La Hija Pródiga

Un título más largo para la historia de mi vida podría ser “La hija pródiga de un pastor encuentra el camino a casa después de trece años de una relación gay”.

Toda mi familia y mis amigos se quedaron muy sorprendidos cuando dejé a mi marido por una mujer. Me llevó mucho tiempo aprender que lo que creía que era amor, en realidad no lo era.

Renunciando a Jesús

Mi madre me llevó a Jesús a los cuatro años a través del Libro sin Palabras, una herramienta de evangelización para niños. Mi padre asistió a la escuela bíblica y al seminario durante la mayor parte de mi infancia. Éramos pobres, pero teníamos una familia eclesiástica muy unida. La iglesia en la que crecimos era legalista, pero yo amaba a Jesús, estudiando la Palabra y escuchando Su dulce voz en mi corazón.

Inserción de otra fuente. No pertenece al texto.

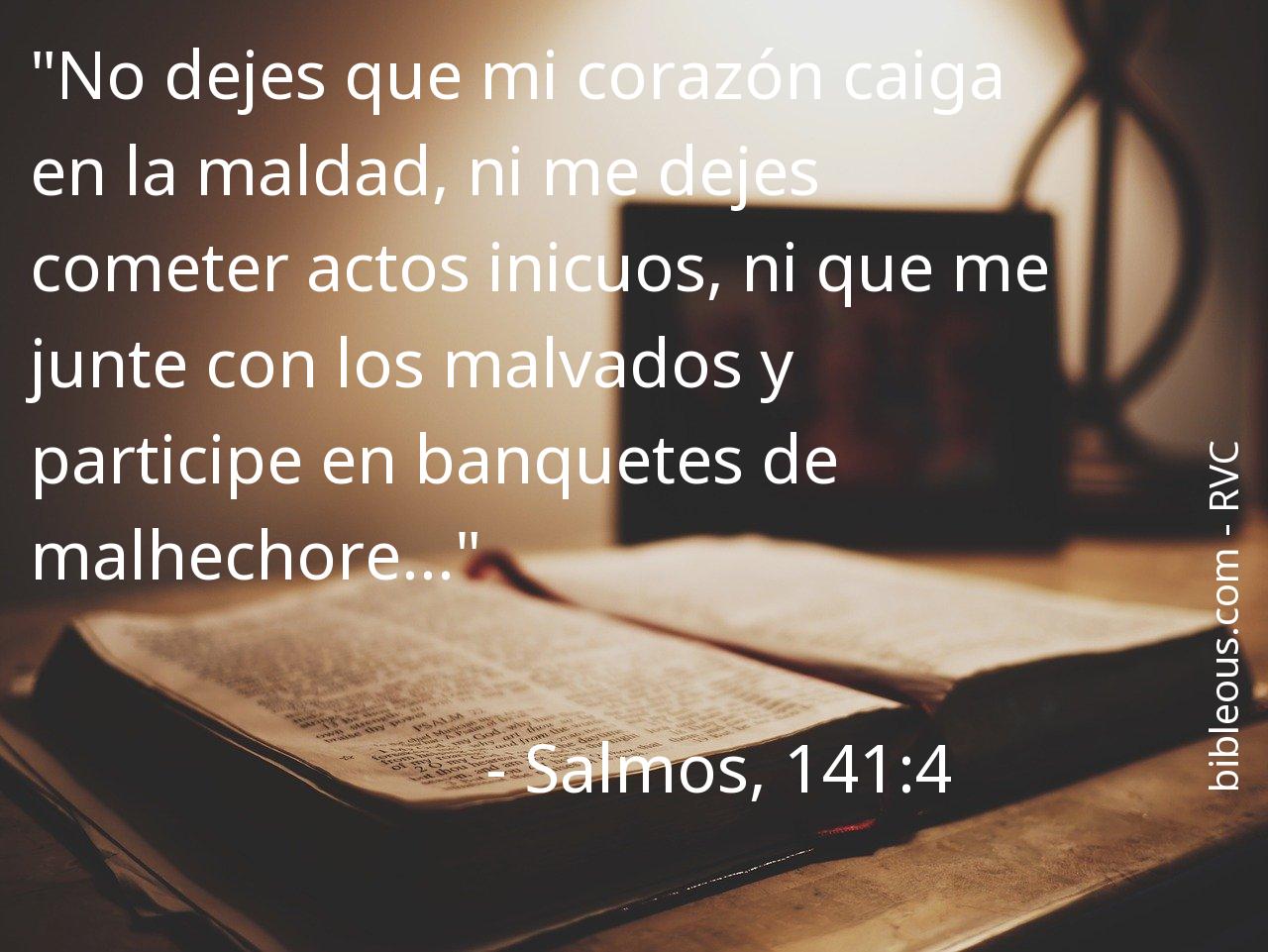 El versículo Salmos, 141:4 del capítulo 141 que nos presenta la versión 'Reina Valera Contemporánea' de La Biblia resulta muy interesante para realizar una lectura reflexiva y tratar de profundizar en la sabiduría de sus palabras. ¿Qué quiso decirnos Dios con el versículo Salmos, 141:4? El capítulo 141 consta de 10 versículos, que pueden ayudar a contextualizar y ofrecer mejores referencias para comprender lo que el Padre quiere decirnos en el versículo Salmos, 141:4.

En mis años de crecimiento me “enamoré” de algunas de mis maestras. Cuando tenía quince años, una estudiante de la Biblia era demasiado cariñosa conmigo. Eso me confundió. Cuando crecí, me gustaban los muchachos, pero también me sentía ligeramente atraída por personas del mismo sexo. Años más tarde, cuando mi matrimonio empezó a deteriorarse, busqué una relación gay. Encontré una, y me llevó a terminar mi matrimonio.

Ha sido difícil revisar este periodo de mi vida en el que no caminaba con Jesús. Mis hijos estaban pequeños cuando dejé a mi esposo. Sentí que serían más felices si yo era feliz (la mentira cultural del momento).

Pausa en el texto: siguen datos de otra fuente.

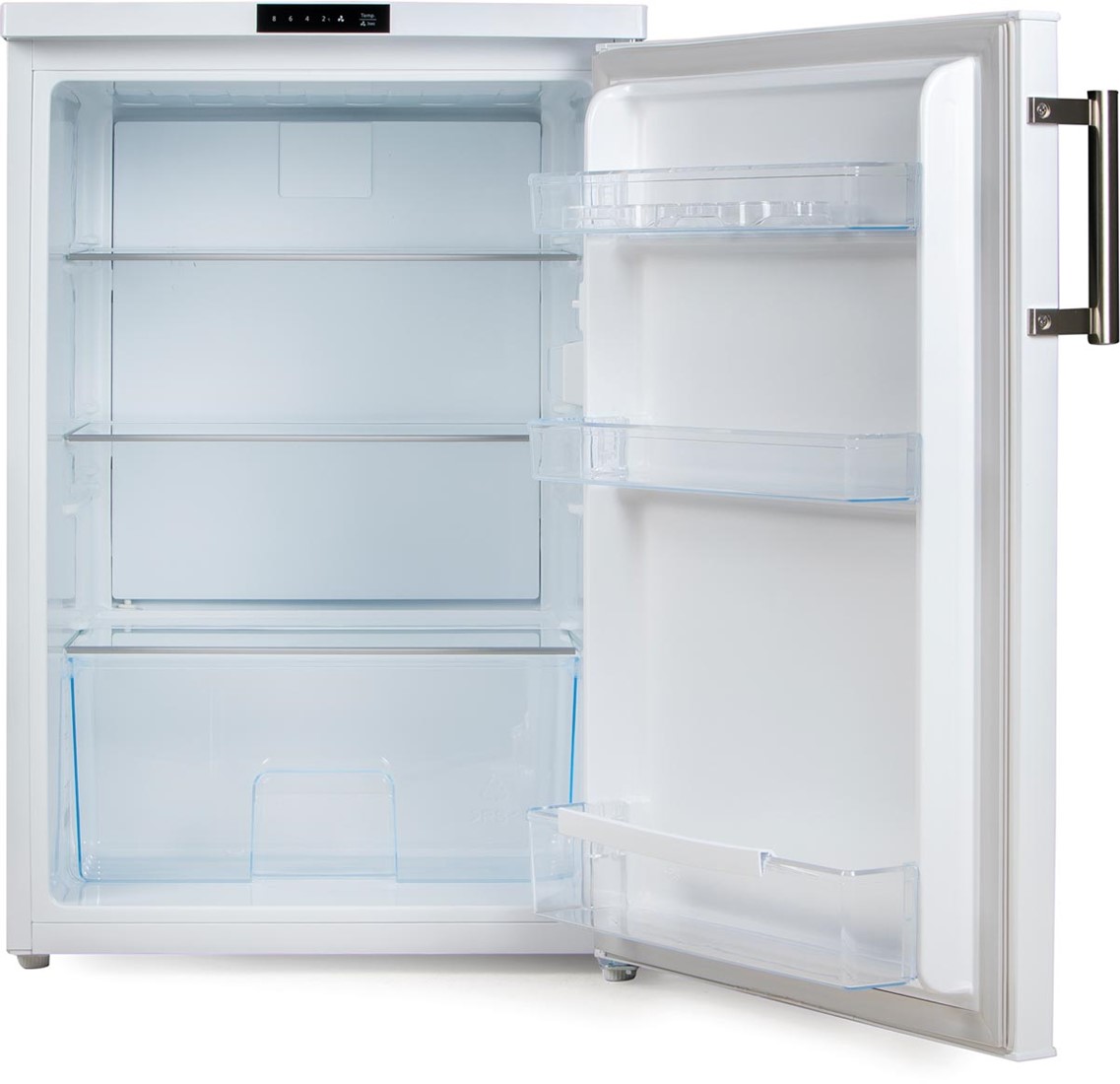 Inhoud: 134 l Omkeerbare deur met magnetische afsluiting Extern led-display met elektronische temperatuurregeling Superkoelfunctie Inclusief 3 glazen leggers, groentelade, 3 deurvakken en ledverlichting Stijlvolle roestvrijstalen greep Geluidsniveau:38 dB Ft 55,5 x 63 x 84,5 cm Kleur: wit Energieklasse: D

Mi nueva pareja y yo tuvimos una “buena vida” durante los años que estuvimos juntas: buenos trabajos, una casa encantadora, grandes amigos y viajes alrededor del mundo. Éramos modelos de conducta en la comunidad gay. Nos unimos a una iglesia gay y asistimos allí por diez años. Cantábamos cantos cristianos y creíamos que Jesús estaba de nuestro lado. Yo creía que la Biblia tenía algunas buenas ideas, pero también pensaba que Dios era más grande que la Biblia: Dios es todo amor, ¿no es así? Sin embargo, yo había sacado a Jesús de mi vida.

Alertas

A veces, algunas cosas me hacían dudar de mi estilo de vida, pero las ignoraba y seguía adelante. No creía que pudiera dejar mi estilo de vida y mantenerme firme.

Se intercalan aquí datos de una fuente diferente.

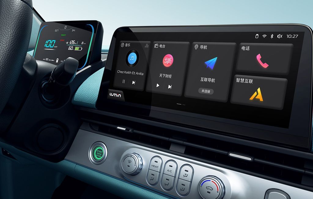 配置方面,长安Lumin配备了悬浮式液晶仪表盘和10.25英寸中控大屏,很有科技感。大屏的UI设计十分简洁,很容易上手,内部还搭载了音乐电台、导航、智慧互联、OTA升级等功能,基本能够满足当下年轻消费者的使用习惯。
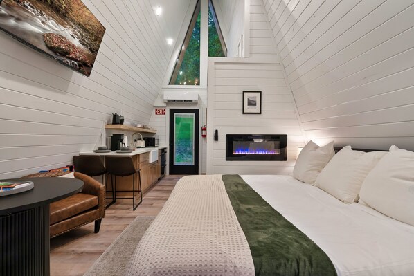 Enjoy this cozy A-Frame experience as a couple or small family. This is a studio sized structure with roughly 300 sq ft. We do provide a pack n play and air mattress if you chose to bring a small family (items accessed by a ladder and floor space will be tight). Between the pack-n-play and air mattress, there's room for 3-4 people depending on how many kids or babies you're bringing :)
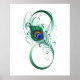 The symbol of infinity with a bright, green, artistic peacock feather on a white background. Tattoo style.
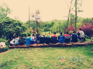这一段不短的的路途,被同学们边走边聊中迅速走过。很快一行人就到了目的地桃子湖,三月的时节桃子湖正散发着它应有的魅力,绿色盎然吸引着游人驻足。同学们穿过湖上小桥,进入中央绿草区,团支书先为大家选择一个草色茂盛的地方作为驻脚点,同学们放下手中的包袱之后很是轻松,几个同学更是对此时的桃子湖好奇不小,稍稍远离据点开始欣赏美景。正巧旁边有个横倒的树干,不长不短,同学们坐在上面正好做满,于是请游人帮忙给班级拍照留念作为以后的回忆。在时间差不多时,团支书开始招集同学们玩游戏,抱团,uno牌,狼人游戏。尤其是在狼人有事中,大家你猜我我猜你,总是有几个同学冤枉地被投票杀害,好不热闹。
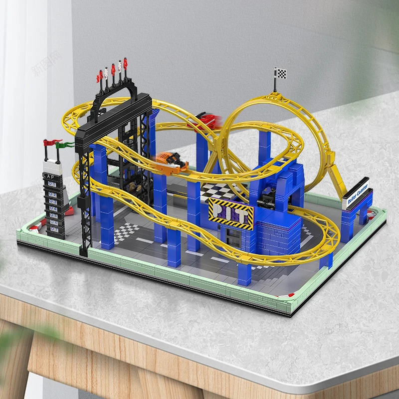 Construct a thrilling amusement park ride using this looping roller coaster set. Its bold curves and vivid colors combine to form an exciting centerpiece for display.​

Alertas muy grandes llamaron mi atención: la grave enfermedad de mi hija, experiencias desilusionantes en la iglesia gay y cosas turbias en las vidas y estilos de vida de mis amigos gays. También había desarrollado un nuevo miedo a la muerte. Al ver cómo se desarrollaban acontecimientos mundiales, me preguntaba sobre la profecía bíblica.

Otra alerta vino a través de problemas en mi relación gay. Tuvo altibajos dramáticos: muy altos y muy bajos. Con el tiempo, sentía como si estuviera caminando sobre cáscaras de huevo con mi pareja, al igual que en mi matrimonio con mi esposo. Me sentía esclavizada, incapaz de salir, pero desgraciada si me quedaba.

Empecé a asistir a las reuniones de Al-Anon y encontré un nombre para mi problema: codependencia. Uno de los Doce Pasos consistía en intentar establecer un contacto consciente con Dios, tal como lo entendemos. Al aquietar mi corazón, empecé a darme cuenta de que había convertido a mi pareja en un dios. Tratar de complacerla era todo en mi vida y había sacado a Jesús de mi vida.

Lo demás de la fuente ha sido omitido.